#### [EXTRACTED ENTRIES]
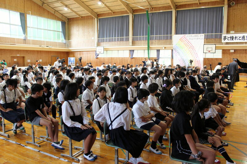 たくさんのご来賓の皆様のご臨席のもと、5・6年生参加による素晴らしい式典となりました。当日は6年生がセレモニーを行い、感謝と未来についてメッセージを述べました。
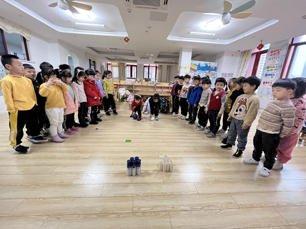活动开始前,老师为幼儿讲解了游戏规则,幼儿两两比赛,依次把手中的“保龄球”滚向“瓶子”,每名幼儿玩两个回合,两次倒下的“瓶子”总数多者为胜。随着老师的一声“开始”,孩子们赶紧把手中紧握的“保龄球”滚了出去,“耶,我一共推倒了8个瓶子。”“我推倒了6个。”孩子们玩地不亦乐乎;接下来是男女生团体比赛,男生队个个信心十足,女生队也不甘示弱,都想赢得比赛胜利,最终男生队凭借自己强大的力量优势获得了最终的胜利,欢呼声此起彼伏!
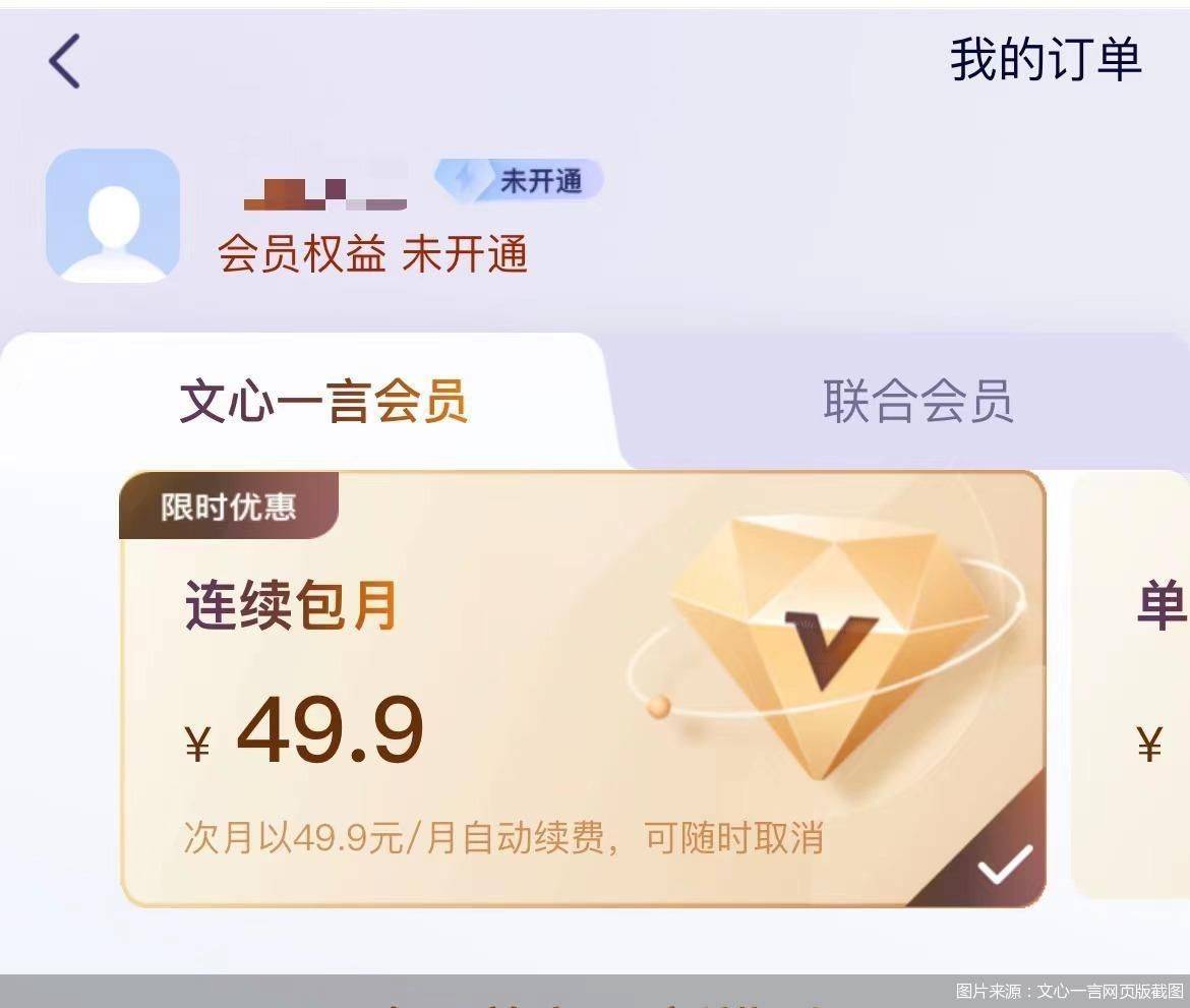 在价位上,文心一言会员提供连续包月49.9元/月,单月购买59.9元/月两种选择,联合会员价是99元/月。
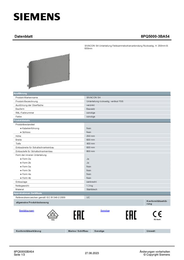 Pooddział Siemens 8PQ5000-3BA54 1 szt.
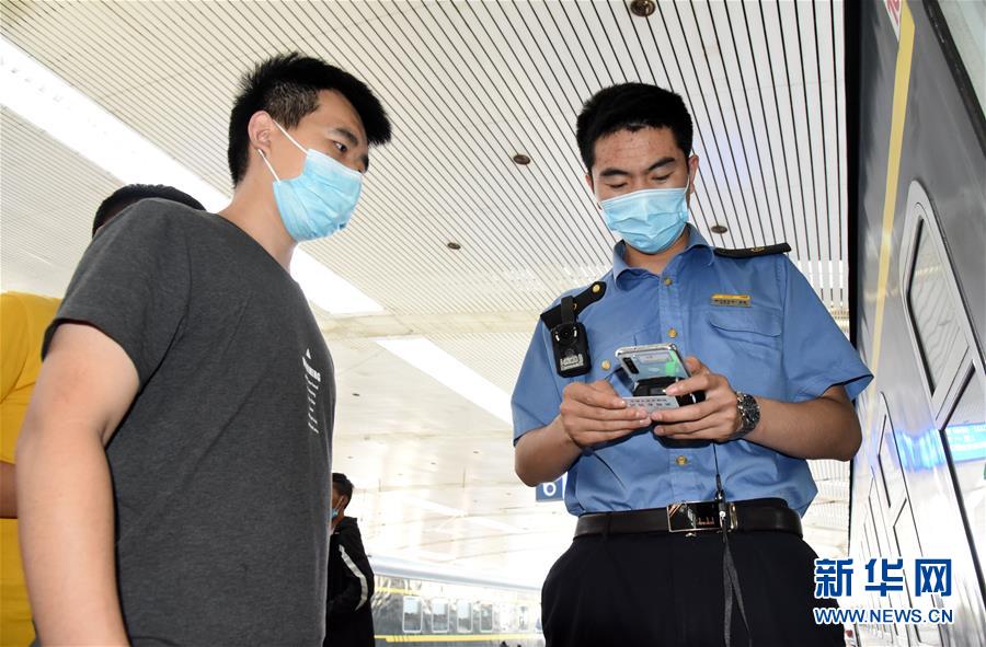6月20日,普速列车乘务员(右)在济南站用电子设备核验乘客的电子客票。 当日,电子客票在全国普速铁路推广实施,更多旅客将享受电子客票“一证通行”带来的便利。 新华社记者王凯摄
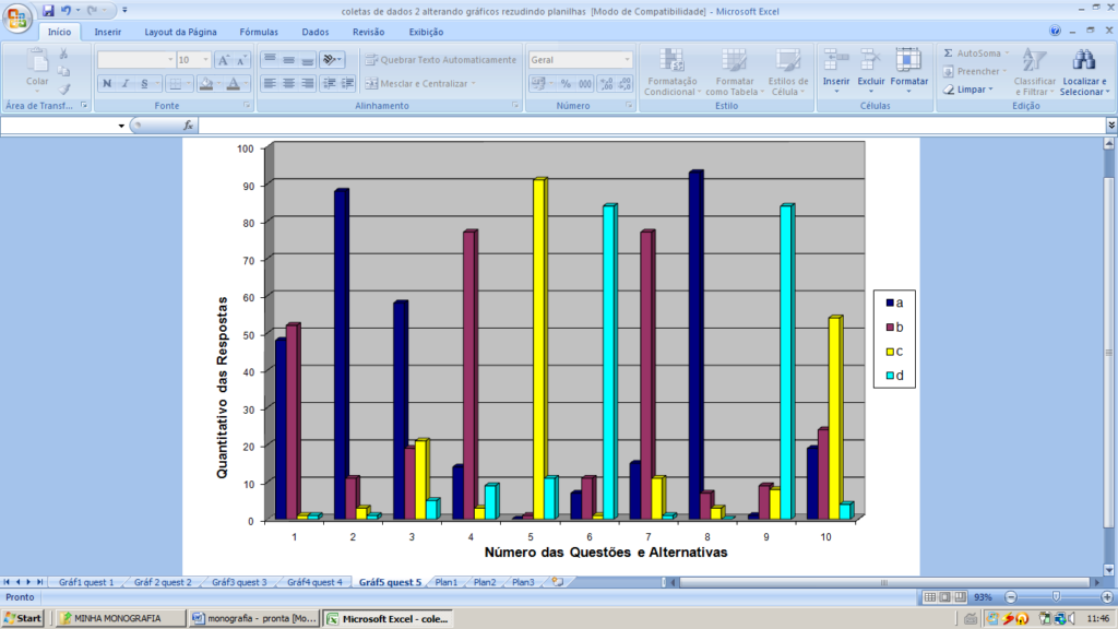 Tabela 4: Total de cada alternativa marcada no questionário 5
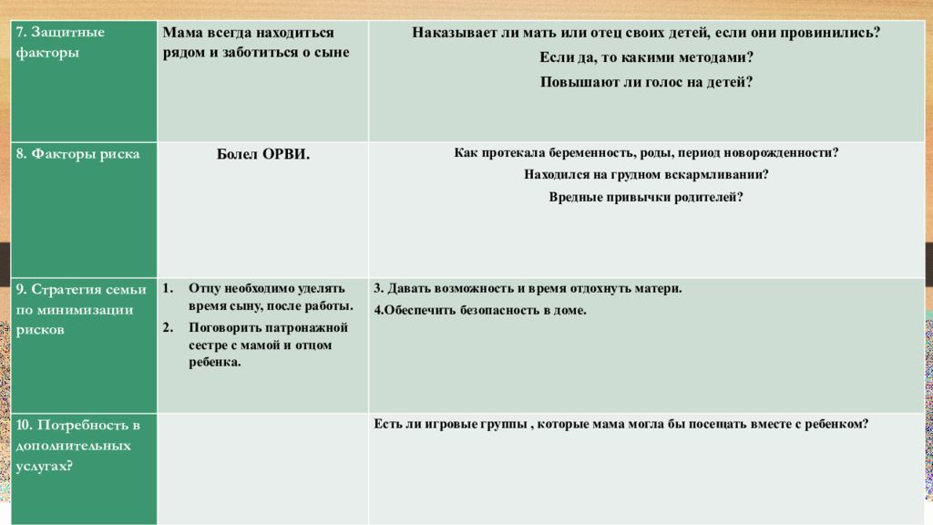 7. Защитные факторы Мама всегда находиться рядом и заботиться о сыне Наказывает ли мать или отец своих детей, если они провинились? Если да, то какими методами? Повышают ли голос на детей? 8. Факторы риска Болел ОРВИ. Как протекала беременность, роды, период новорожденности? Находился на грудном вскармливании? Вредные привычки родителей? 9. Стратегия семьи по минимизации рисков Отцу необходимо уделять время сыну, после работы. Поговорить патронажной сестре с мамой и отцом ребенка. 3. Давать возможность и время отдохнуть матери. 4.Обеспечить безопасность в доме. 10. Потребность в дополнительных услугах ? Есть ли игровые группы, которые мама могла бы посещать вместе с ребенком?
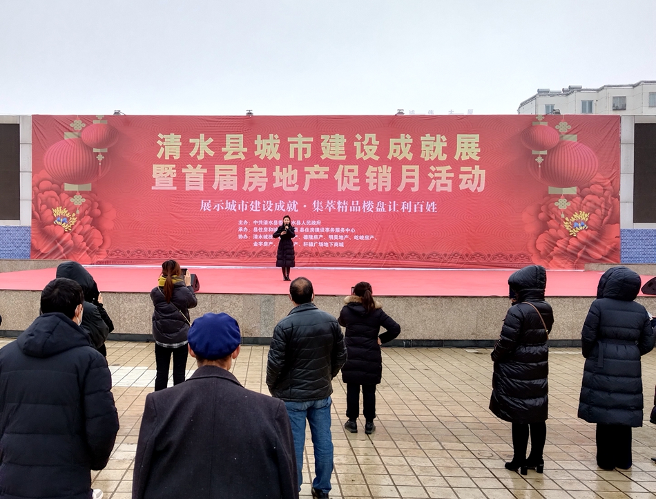 1月11日,清水縣在軒轅廣場(chǎng)舉辦城市建設(shè)成就展暨首屆房地產(chǎn)促銷月活動(dòng)。
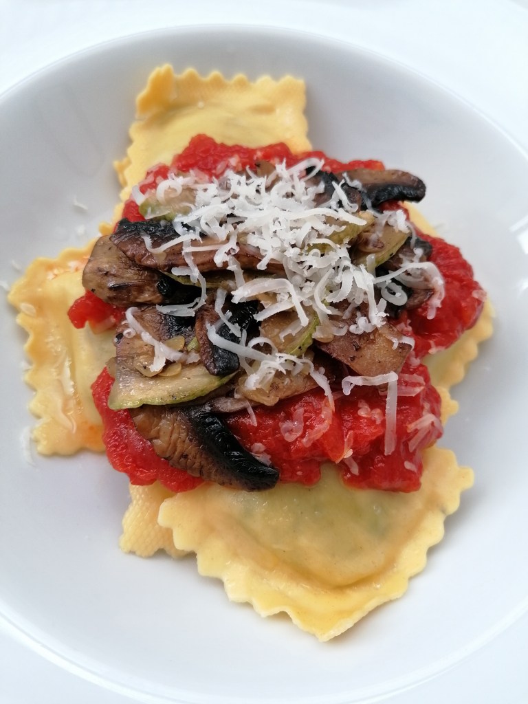 Compra un paquete de pasta fresca rellena y ponlo en la nevera, el día que te veas a punto de comprar billetes para huir a Bali a lo mejor te salva de la crisis existencial. Lo normal es que se haga en agua hirviendo entre dos o tres minutos. Eso significa que tardarás menos de cinco minutos en tener algo para comer. Una opción para acompañar a la pata fresca es un poco de tomate frito con calabacín y champiñones a la plancha.
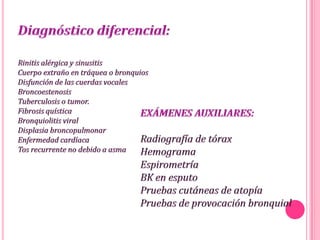Este documento resume conceptos clave sobre el síndrome de obstrucción bronquial (SOB) y el asma en niños. Explica que el SOB es la manifestación clínica más común de la obstrucción de la vía aérea en menores de 5 años, generalmente causada por infecciones virales. También describe que el asma es una enfermedad bronquial crónica que comienza a menudo en la infancia y tiene un gran impacto en la calidad de vida. Finalmente, resume los mecanismos de inflamación y obstrucción que subyac

#### [BRIEF]
Output, exactly as written, only the lines from the beginning of the listing through the line containing "1月11日,清水縣在軒轅廣場", both included, and no pictures.

#### [ANSWER]
 たくさんのご来賓の皆様のご臨席のもと、5・6年生参加による素晴らしい式典となりました。当日は6年生がセレモニーを行い、感謝と未来についてメッセージを述べました。
活动开始前,老师为幼儿讲解了游戏规则,幼儿两两比赛,依次把手中的“保龄球”滚向“瓶子”,每名幼儿玩两个回合,两次倒下的“瓶子”总数多者为胜。随着老师的一声“开始”,孩子们赶紧把手中紧握的“保龄球”滚了出去,“耶,我一共推倒了8个瓶子。”“我推倒了6个。”孩子们玩地不亦乐乎;接下来是男女生团体比赛,男生队个个信心十足,女生队也不甘示弱,都想赢得比赛胜利,最终男生队凭借自己强大的力量优势获得了最终的胜利,欢呼声此起彼伏!
 在价位上,文心一言会员提供连续包月49.9元/月,单月购买59.9元/月两种选择,联合会员价是99元/月。
 Pooddział Siemens 8PQ5000-3BA54 1 szt.
6月20日,普速列车乘务员(右)在济南站用电子设备核验乘客的电子客票。 当日,电子客票在全国普速铁路推广实施,更多旅客将享受电子客票“一证通行”带来的便利。 新华社记者王凯摄
 Tabela 4: Total de cada alternativa marcada no questionário 5
 7. Защитные факторы Мама всегда находиться рядом и заботиться о сыне Наказывает ли мать или отец своих детей, если они провинились? Если да, то какими методами? Повышают ли голос на детей? 8. Факторы риска Болел ОРВИ. Как протекала беременность, роды, период новорожденности? Находился на грудном вскармливании? Вредные привычки родителей? 9. Стратегия семьи по минимизации рисков Отцу необходимо уделять время сыну, после работы. Поговорить патронажной сестре с мамой и отцом ребенка. 3. Давать возможность и время отдохнуть матери. 4.Обеспечить безопасность в доме. 10. Потребность в дополнительных услугах ? Есть ли игровые группы, которые мама могла бы посещать вместе с ребенком?
 1月11日,清水縣在軒轅廣場(chǎng)舉辦城市建設(shè)成就展暨首屆房地產(chǎn)促銷月活動(dòng)。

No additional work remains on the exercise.